Screenshot of Chrome DevTools showing the Sources panel with a file tree on the left, code in the center, and the right-hand sidebar with breakpoints and Call Stack

  • Your setup is correct if gtm.js and gtag are loaded from your subdomain (e.g. metrics.yourdomain.com)
  • Your setup is not active if the Sources tab still shows www.googletagmanager.com as the source for gtm.js or gtag

Note

You will also see a request from www.googletagmanager.com with &gtg_health=1 in the URL. This is Google's health check — a background ping GTG uses to verify connectivity to Google's servers. It is expected and does not mean your tags are still loading from Google. Google is continuously updating their products, so this may look slightly different over time.

Chrome DevTools Sources panel showing a file tree with entries including the site subdomain and www.googletagmanager.com

In your client-side Google Tag Manager container, go to Admin > Google Tag Gateway. Your domain should be listed with a First-party status:

Google Tag Gateway admin UI screenshot showing the configuration card with a domain listed as First-party and a Done button

Alternative ways of implementing GTG

Go to your client-side Google Tag Manager, open the admin section, and click on Google Tag Gateway.

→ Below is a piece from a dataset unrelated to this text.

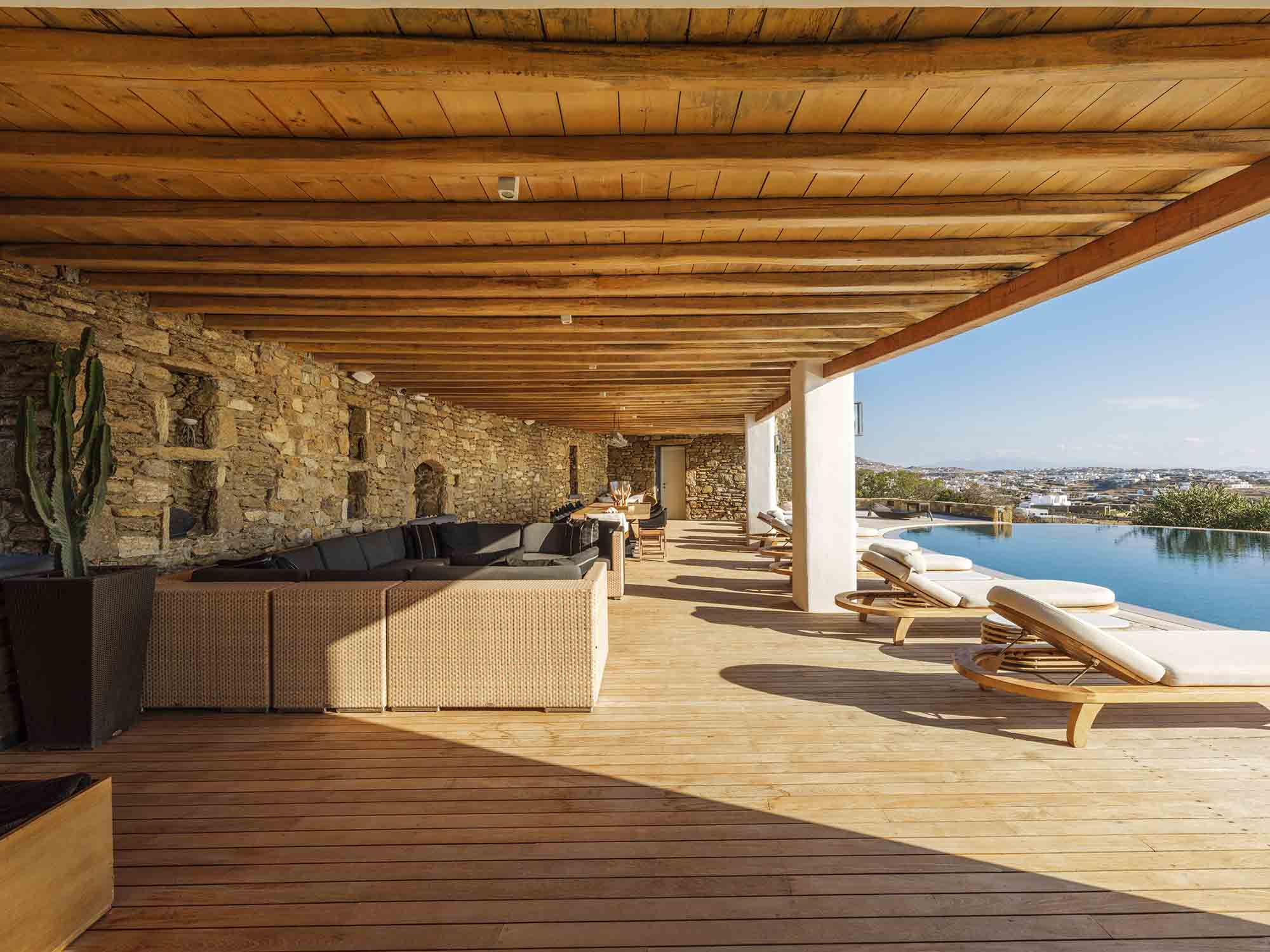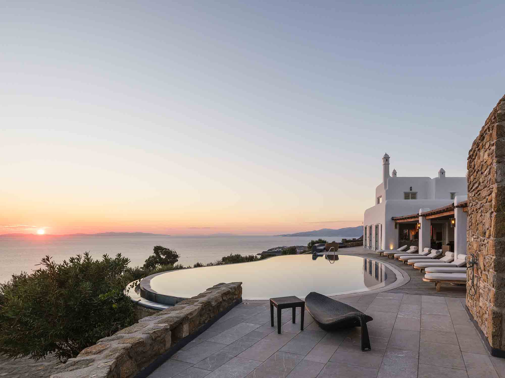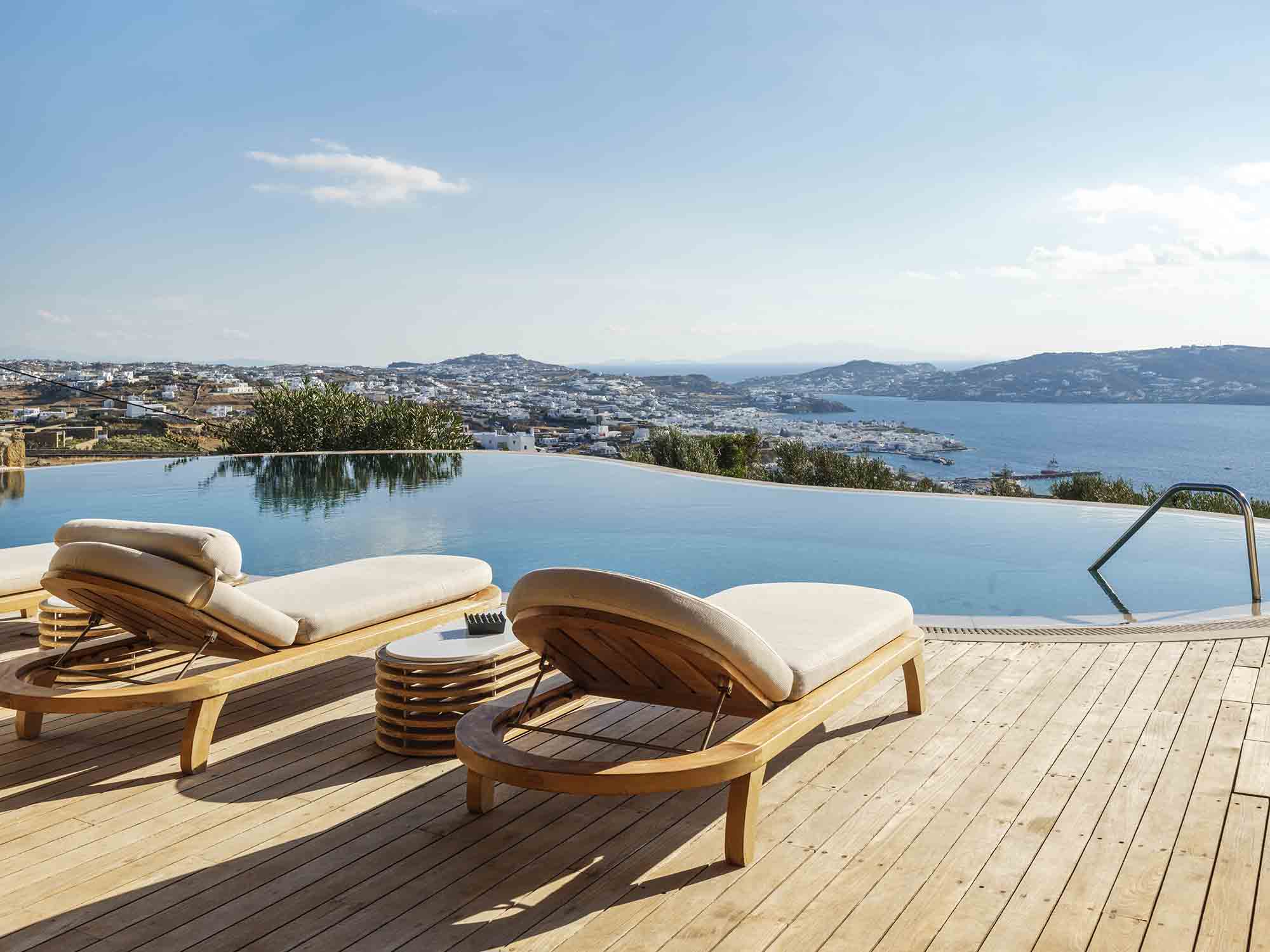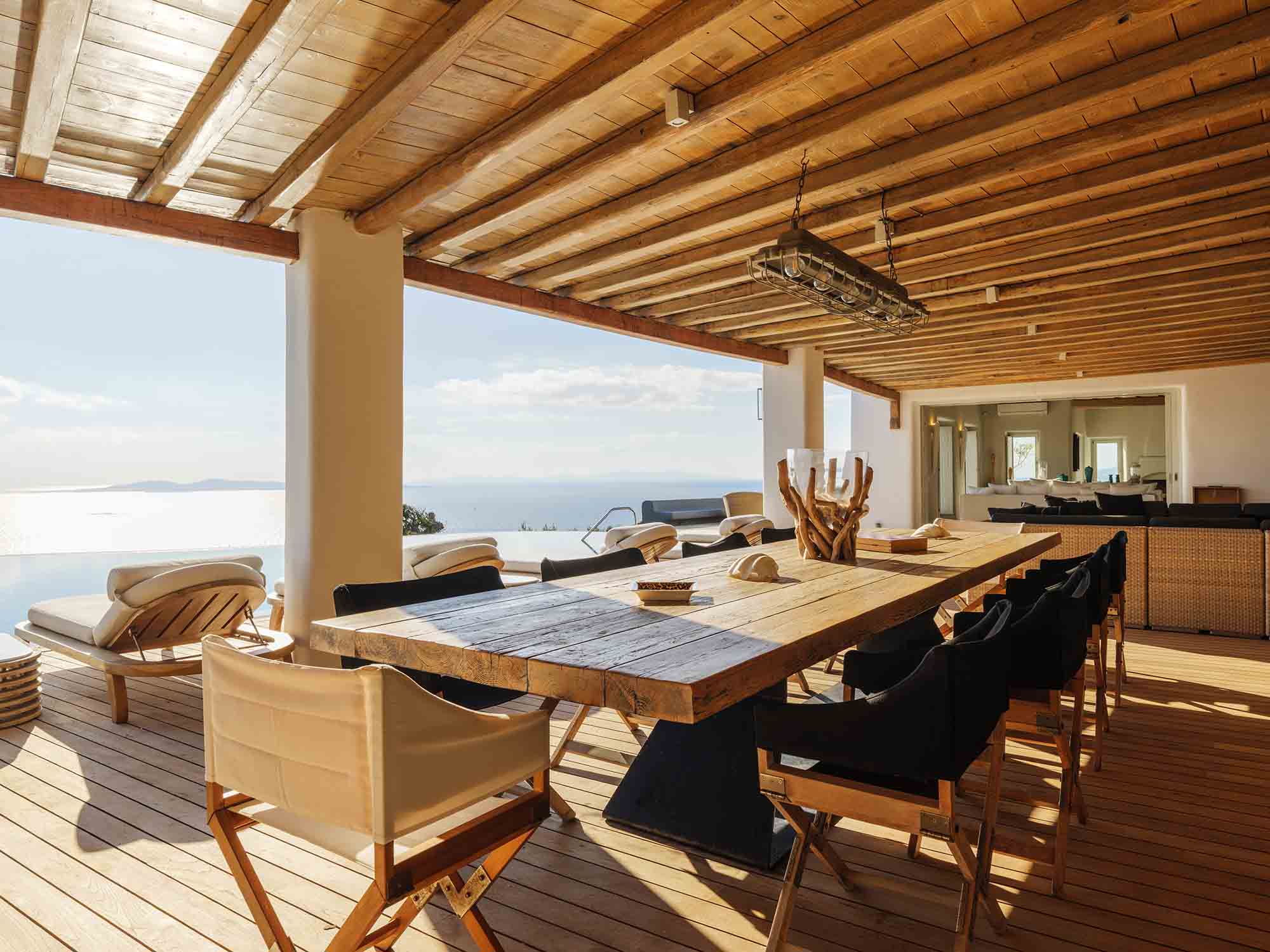 Wide terraces and lounge areas surround the property offering overlooking views to the sea and the vibrant horizon. An infinity-heated pool also in front of the villa will centralize your gatherings during your holidays!

Screenshot of the Google Tag Gateway section in the GTM admin panel

If you use Akamai as your content delivery network (CDN), you can set up Google tag gateway for advertisers in the Google tag by integrating with your Akamai account.

Alternatively, if you use Cloudflare as your content delivery network (CDN), you can set up Google tag gateway for advertisers in Google Tag Manager by integrating with your Cloudflare account.